When MITSC did not get its increase it then went to the Governor who granted the increase of $38,000 dollars. This ‘end around’ the Judiciary Committees decision was a breech of Legislative process. That, in and of itself would be reason to kill a bill. The increase of $38,000 showed up in their budget during the second round of cuts when funding was not just being cut, but programs and services were being totally eliminated.

The Judiciary Committee recommended that this increase be taken away as we felt the funding could do some good perhaps in services or programs in dire need. The excessive salary was just too much for us to ignore.

The Appropriations Committee approved the cut. MITSC then went to the media and church groups and through outside pressure got it’s funding restored. It’s present budget for FY08 is now $110,227. That does not count the tribe’s potential contributions of $11,500 each.

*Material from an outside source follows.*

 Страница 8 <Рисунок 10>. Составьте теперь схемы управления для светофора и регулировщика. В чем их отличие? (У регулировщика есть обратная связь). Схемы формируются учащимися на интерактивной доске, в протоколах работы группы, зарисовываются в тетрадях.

The next issue is the failure of the Tribal State Work Group bill.
LD2221 submitted by Representative Deborah Simpson House Co-Chair of the Judiciary Committee and the TSWG. (Staffed by MITSC). I did not participate in the Tribal Sate Work Group for two reasons.
1. I was once told by an assistant attorney general that the State of Maine got such a good deal out of the Act they would never want to change it. I felt this work group was an effort in futility and a waste of tribal resources and time.
2. I felt that even if everyone including the Attorney General’s Office agreed on specific changes the next step was not immediate legislation but a process of educating the remaining legislators in the House and the Senate.

The discussions got very heated, as key members of the Judiciary Committee and Tribal negotiators deemed each requested change to the Maine Indian Land Claims Settlement Act unacceptable for one reason or another. These were complicated legal issues and the majority of the committee had no experience in Indian law. The bottom line is this, changes in the Land Claims Settlement Act will not take place without extensive education on both sides, legal experts who have enough time to hammer these issues out and an Attorney General and Chief Executive who support the changes and will advocate for them.

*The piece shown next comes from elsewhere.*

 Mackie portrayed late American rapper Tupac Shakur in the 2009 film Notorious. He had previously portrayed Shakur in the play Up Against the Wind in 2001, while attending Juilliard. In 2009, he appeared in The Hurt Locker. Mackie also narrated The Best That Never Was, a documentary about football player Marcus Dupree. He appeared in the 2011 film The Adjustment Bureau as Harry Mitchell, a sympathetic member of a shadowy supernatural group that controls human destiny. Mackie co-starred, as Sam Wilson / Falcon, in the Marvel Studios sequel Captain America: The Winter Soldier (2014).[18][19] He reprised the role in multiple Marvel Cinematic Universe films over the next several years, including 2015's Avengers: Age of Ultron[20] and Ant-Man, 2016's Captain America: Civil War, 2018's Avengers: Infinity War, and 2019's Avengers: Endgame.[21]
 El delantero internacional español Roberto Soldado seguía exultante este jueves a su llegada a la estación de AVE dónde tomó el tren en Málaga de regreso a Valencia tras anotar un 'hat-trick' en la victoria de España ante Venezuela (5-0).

Finally a bill to add land in Argyle to reservation land was also defeated.
The bill to extend reservation land to Argyle was brought up, it landed in the middle of these heated debates and hard feelings. The Penobscot Nation’s Housing Authority had requested the bill so that it could build fifty much-needed housing units on reservation land.

The tribe had never recognized the Land Use Regulatory Commission (LURC) jurisdiction over its trust land and this piece of land was trust land. The Housing director was advised by MITSC leadership to put in a bill to change the status of the land to reservation land. The Governors office agreed to put in a Governor’s bill which would allow the late bill in. This bill came before the committee when tempers were high and distrust was rampant.

I went to the Governor’s office and asked his legal council Michael Mahoney if they were going to actively advocate and support this bill. He said “No” We have allowed you this vehicle and it’s up to you to get it passed. I knew given the failing relations on both sides that this bill had little to no chance of passing. The Committee at first voted to pass this bill but not all members were present for the vote. These members had expressed their desire to vote and to discuss a rumor that had surfaced that the tribe was going to use this land for their slot machines. This was a ridiculous and incredulous rumor but nevertheless key committee members and other legislators believed it.

The Chair called another vote and the committee was set to vote against the bill. I had mentioned to our Housing director that if the bill looked to be in trouble I had a plan to ask the Committee to submit a letter directing The Land Use Regulatory Commission (LURC) to work cooperatively with the Tribe with neither the Tribe nor LURC taking jurisdiction.

This way necessary permits could be obtained and the construction could move forward immediately without a court battle over jurisdiction. The Committee thought this was a good compromise. They voted in favor of the letter, which was sent to LURC.

It is true that tribal legislation suffered in this session. It is my belief that if the TSWG process were handled in a slower and wiser manner we would have had a more productive less contentious session.

The premature TSWG bill set the stage for colossal failure ending in disastrous Tribal State relations. MITSC leadership has been involved in all of the above, which has created a hostile legislative atmosphere. The Tribes and the State need to clarify the duties and the mission of MITSC or they need to totally restructure the organization.

Tuesday, May 20, 2008

The Story of Tribal / economics from a Penobscot Perspective Cont (2)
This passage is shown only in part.